▸ **Your objective**:
Below is a listing with pictures. Repeat exactly the lines starting at the one holding "Территория дома утопает" and going on through the one holding "Elevate your casual", and leave every picture out.

▸ **Records provided**:
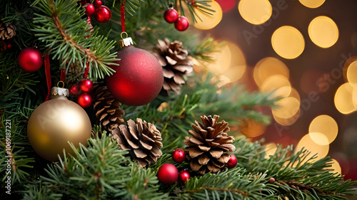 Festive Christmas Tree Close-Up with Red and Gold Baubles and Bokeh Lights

* * *

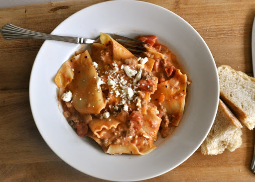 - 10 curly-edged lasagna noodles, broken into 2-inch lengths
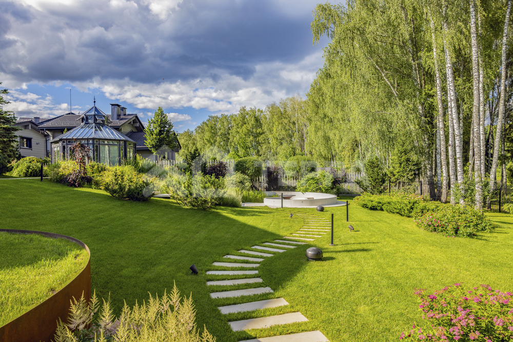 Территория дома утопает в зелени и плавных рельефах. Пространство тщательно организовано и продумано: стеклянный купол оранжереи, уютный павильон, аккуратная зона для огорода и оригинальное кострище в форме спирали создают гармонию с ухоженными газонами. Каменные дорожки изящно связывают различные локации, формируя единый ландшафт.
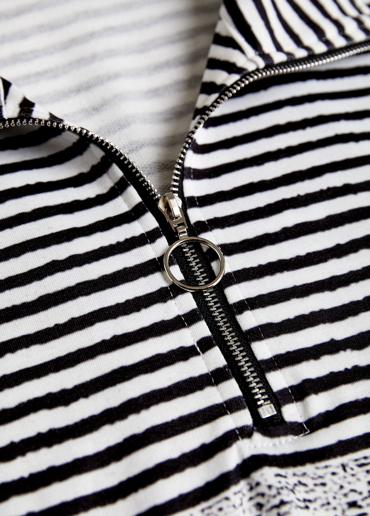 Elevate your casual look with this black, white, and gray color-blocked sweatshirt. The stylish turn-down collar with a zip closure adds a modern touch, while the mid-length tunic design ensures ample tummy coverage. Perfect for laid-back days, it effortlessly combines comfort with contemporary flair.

▸ **Response area**:
 Территория дома утопает в зелени и плавных рельефах. Пространство тщательно организовано и продумано: стеклянный купол оранжереи, уютный павильон, аккуратная зона для огорода и оригинальное кострище в форме спирали создают гармонию с ухоженными газонами. Каменные дорожки изящно связывают различные локации, формируя единый ландшафт.
 Elevate your casual look with this black, white, and gray color-blocked sweatshirt. The stylish turn-down collar with a zip closure adds a modern touch, while the mid-length tunic design ensures ample tummy coverage. Perfect for laid-back days, it effortlessly combines comfort with contemporary flair.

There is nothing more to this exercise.